Three stop or nonsense codons UAA ( ocher ), UAG ( amber ) and UGA ( opal )
Open reading frame starting at the initiation codon (AUG)
Each codon has 5’ base and a 3’ base e.g. 5’CGU3’
Mutations that modify the genetic code are of 3 types: frameshift (include deletions and insertions), missense (lead to an amino acid replacement) and nonsense (mutation that generates any of the three stop codons leading a a premature truncation of the polypeptide.
The immediate RNA transcript is known as primary transcript and is subject to three modifications prior to moving to the cytoplasm:
A capping enzyme adds a G to the first nucleotide in the transcript in the unusual 5’-5’ direction (phosphate to phosphate bond). Then a methyl thransferase adds methyl groups (-CH 3 ) to the G and one or more of the first few bases of the RNA transcript. Capping and methylation is believed to be critical for efficient translation.
Addition of a poly A tail (100-200 As) at the 3’ end of the primary transcript by a poly-A-polymerase. Tailing is believed to stabilize mRNA so it remains for longer time to be translated to many polypeptide molecules before it is degraded and increase the efficiency of the initial steps of translation.

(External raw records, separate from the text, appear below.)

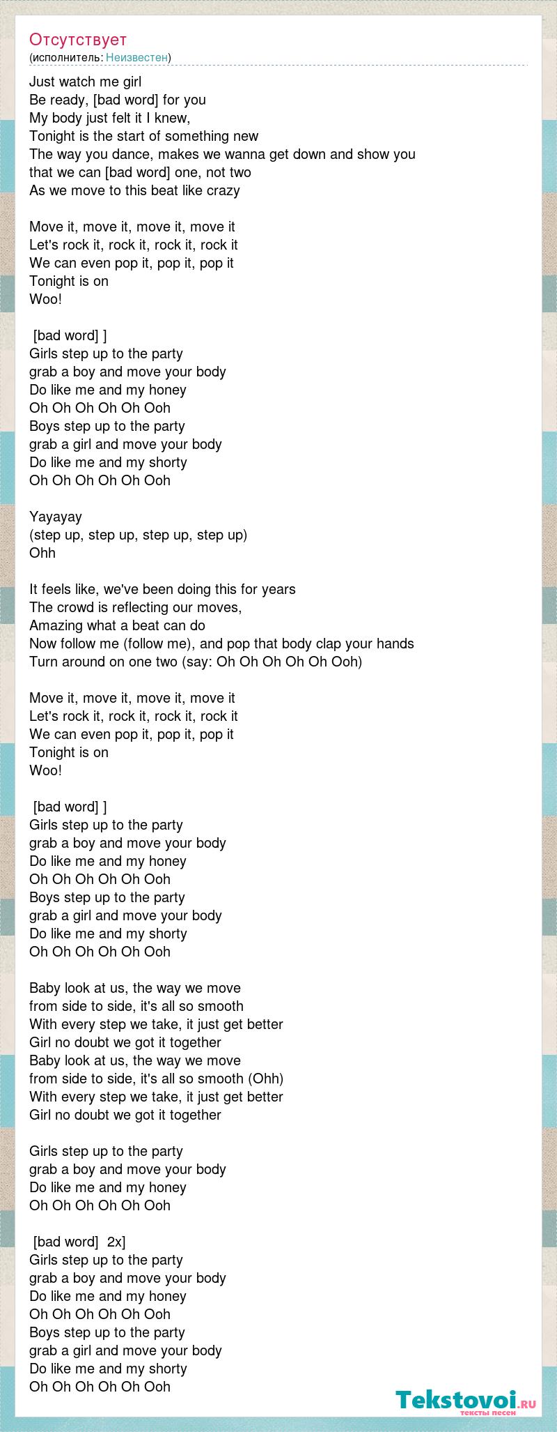 Just watch me girl Be ready, [bad word] for you My body just felt it I knew, Tonight is the start of something new The way you dance, makes we wanna get down and show you that we can [bad word] one, not two As we move to this beat like crazy Move it, move it, move it, move it Let's rock it, rock it, rock it, rock it We can even pop it, pop it, pop it Tonight is on Woo! [bad word] ] Girls step up to the party grab a boy and move your body Do like me and my honey Oh Oh Oh Oh Oh Ooh Boys step up to the party grab a girl and move your body Do like me and my shorty Oh Oh Oh Oh Oh Ooh Yayayay (step up, step up, step up, step up) Ohh It feels like, we've been doing this for years The crowd is reflecting our moves, Amazing what a beat can do Now follow me (follow me), and pop that body clap your hands Turn around on one two (say: Oh Oh Oh Oh Oh Ooh) Move it, move it, move it, move it Let's rock it, rock it, rock it, rock it We can even pop it, pop it, pop it Tonight is on Woo! [bad word] ] Girls step up to the party grab a boy and move your body Do like me and my honey Oh Oh Oh Oh Oh Ooh Boys step up to the party grab a girl and move your body Do like me and my shorty Oh Oh Oh Oh Oh Ooh Baby look at us, the way we move from side to side, it's all so smooth With every step we take, it just get better Girl no doubt we got it together Baby look at us, the way we move from side to side, it's all so smooth (Ohh) With every step we take, it just get better Girl no doubt we got it together Girls step up to the party grab a boy and move your body Do like me and my honey Oh Oh Oh Oh Oh Ooh [bad word] 2x] Girls step up to the party grab a boy and move your body Do like me and my honey Oh Oh Oh Oh Oh Ooh Boys step up to the party grab a girl and move your body Do like me and my shorty Oh Oh Oh Oh Oh Ooh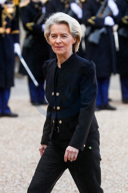Ursula von der Leyen, présidente de la commission européenne - Dans le cadre de l'hommage national à M. Jacques Delors, le Président de la République reçoit pour un déjeuner les chefs d'Etat et de gouvernement européens et les représentants des institutions européennes au palais présidentiel de l'Elysée à Paris, France, le 5 janvier 2024. Delors, figure de la création de l'euro (€), est décédé le 27 décembre 2023 à l'âge de 98 ans.© Christophe Clovis/Bestimage Lunch following a national tribute ceremony for late French minister and European Union Commission president Jacques Delors at the Elysee palace in Paris, France, on January 5, 2024. Delors, a figure in the creation of the euro (€), died on December 27, 2023 aged 98.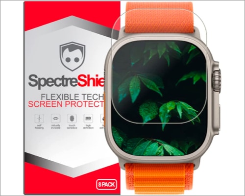 Apple Watch Ultra'nın Spectre Sheild ekran koruyucusu, tam kapsamlı bir TPU patentli cilt filmidir. Saat ekranını çıplak gözle tespit edilemez kalırken çiziklerden veya ani damla hasarından korur. Ayrıca, yüksek kaliteli şeffaf termoplastik film, ekranın netliğini ve canlılığını korur.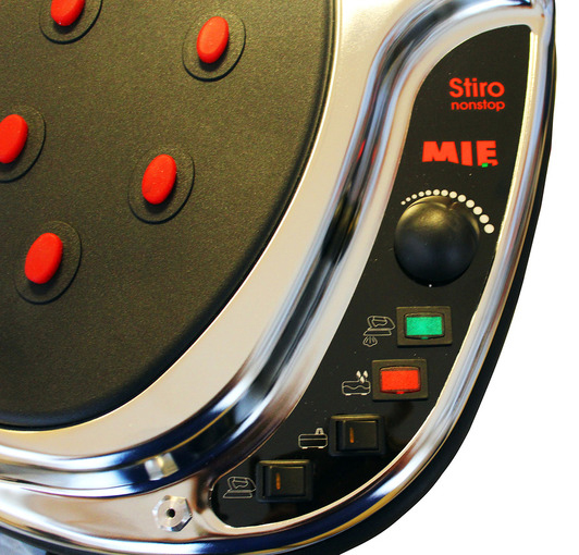 Модель Mie Stiro Nonstop оснащена регуляторами температуры и силы подачи пара. Контролировать температуру и пар особенно важно при глажении деликатных вещей. Шелк, атлас, шерсть, велюр, изделия с вышивкой и стразами эффективнее гладить, не касаясь поверхности подошвой утюга. Рабочее давление пара устройства — 5 бар, что позволяет Mie Stiro Nonstop разглаживать вещи, не касаясь их подошвой утюга, не оставлять блеска вдоль швов и избегать заломов на ткани.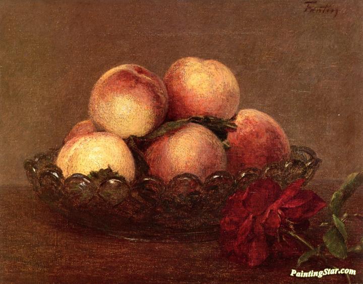 Nature Morte: Peches Dans Une Coupe De Verre, Une Rose Fonces Avec Des Feuilles A Droite, Art Painting by Henri Fantin-Latour

RNA splicing and removal of introns from the primary transcript followed by a very precise joining of the exons.
Within each intron three sequences are present: splice donors (at the 5’ end of the intron), splice acceptors (at the 3’ end of the intron) and the branch sites (sandwiched between the splice donors and acceptors).
Splicesome is needed to identify and catalyze the sequence of events leading to removal of the intron and rejoining of the two successive exons. The splicesome consists of snRNP (snRNA 100-300 nucleotides long + proteins). Each splicesome is composed of four snRNPs together and each snRNP is five snRNA plus about 50 proteins. Some snRNAs base pair with the splice donor and acceptor in the primary transcript and this way can bring them together.
Alternative splicing (as in the gene encoding the antibody heavy chain) and trans-splicing (as in C. elegans ) are means of controlling gene expression in eukaryotes.